Each non-root node `v` (0-indexed) occupies a slot in both `elbl` (its edge label / key id) and `vcol` (its value id, or the sentinel `0xFFFFFFFF` for internal nodes).

Child navigation uses CSR (Compressed Sparse Row) arrays: `_child_start[v]` is the start offset and `_child_count[v]` is the count of children of node `v`.

## Binary Format

### CompactTree — format v6

```
Magic   : 5 bytes    "CTree"
Version : 8 bytes    uint64 LE  (always 6)
Header  : 8 × 8 bytes  shared_flag, keys_trie_len, val_trie_len, child_count_len,
                         vcol_len, elbl_len, key_vocab_size, val_vocab_size
Payload : keys_trie_bytes | val_trie_bytes (empty when shared)
          | child_count_bytes | vcol_bytes | elbl_bytes
```

When `shared_flag=1` (built with `shared_trie=True`), `val_trie_len=0` and no
value-trie blob is written; on load both `_key_trie` and `_val_trie` point to the
same deserialized `MarisaTrie`.

Files written in v5 or earlier are **not** supported.

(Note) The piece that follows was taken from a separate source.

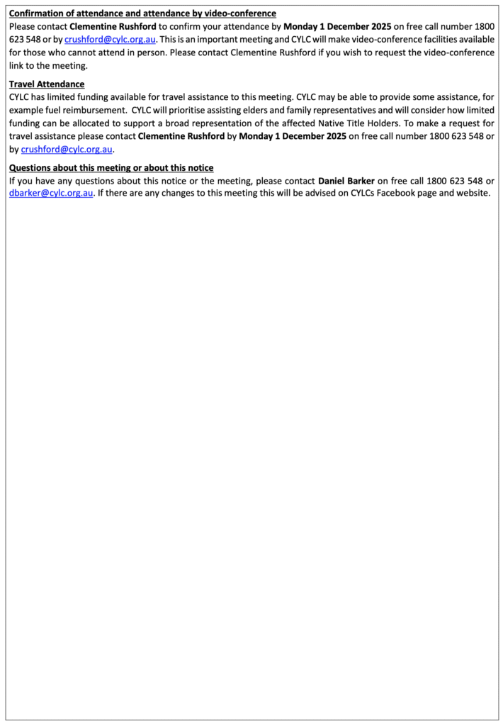 CYLC has limited funding available for travel assistance to this meeting. CYLC may be able to provide some assistance, for example fuel reimbursement. CYLC will prioritise assisting elders and family representatives and will consider how limited funding can be allocated to support a broad representation of the affected Native Title Holders. To make a request for travel assistance please contact Clementine Rushford by Monday 1 December 2025 on free call number 1800 623 548 or by crushford@cylc.org.au.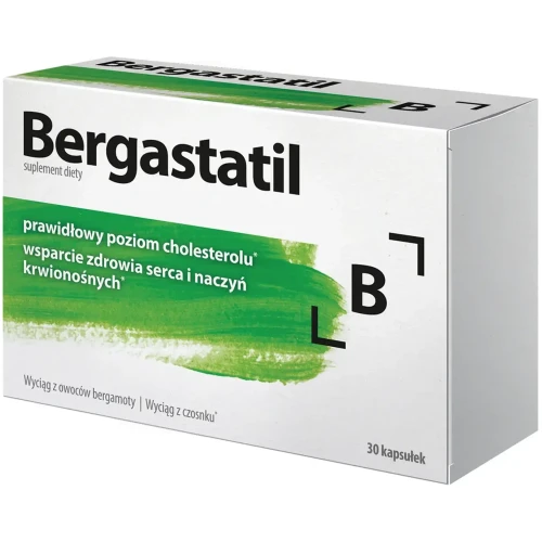 Bergastatil to suplement diety w kapsułkach przeznaczony dla osób dorosłych. Preparat łączący działanie owoców bergamoty i czosnku.

### CompactTreeFlat — format CTFlt v1

```
Magic   : 5 bytes    "CTFlt"
Version : 8 bytes    uint64 LE  (always 1)
Header  : 4 × 8 bytes  n_paths, val_trie_len, paths_buf_len, val_vocab_size
Payload : val_trie_bytes | paths_buf
```

## Dependencies

- `bitarray` — Bit-packed boolean arrays (used for terminal flags in MarisaTrie serialization)
- `fsspec` — Filesystem abstraction for local and remote storage

## Testing

```bash
pytest test_compact_tree.py test_marisa_trie.py
```

### Benchmarks

Run performance benchmarks with `pytest-benchmark`:

```bash
pytest test_compact_tree.py::TestLoadPerformance --benchmark-only -v
```

See [BENCHMARK_RESULTS.md](BENCHMARK_RESULTS.md) for detailed results and [OPTIMIZATIONS.md](OPTIMIZATIONS.md) for optimization history.

## Performance

Benchmark: 3-level nested dict, shape `{L0=9, L1=4, L2=173,000}`, 6.2M leaf entries.
Windows 11, Intel Core Ultra 9 285H, Python 3.14.3, 10 s timed loops.

| Target | Lookups / s | µs / lookup | vs dict |
|---|---|---|---|
| `dict[k0][k1][k2]` | 228,998 | 4.4 | 1.0× (baseline) |
| `CompactTreeFlat.get_path()` | 194,220 | 5.1 | **0.85×** |
| `CompactTree.get_path()` (C ext) | 141,224 | 7.1 | 0.62× |
| `CompactTree[k0][k1][k2]` (no cache) | 124,384 | 8.0 | 0.54× |

See [PERFORMANCE.md](PERFORMANCE.md) for full comparisons including PyArrow.

*`CompactTreeFlat.get_path()` is ~38% faster than `CompactTree.get_path()` because a
full-path lookup reduces to one Python `dict.__getitem__` + one `restore_key` call.*

## Contributing

Contributions are welcome! Please see [CONTRIBUTING.md](CONTRIBUTING.md) for details.

## License

This project is licensed under the MIT License - see the [LICENSE](LICENSE) file for details.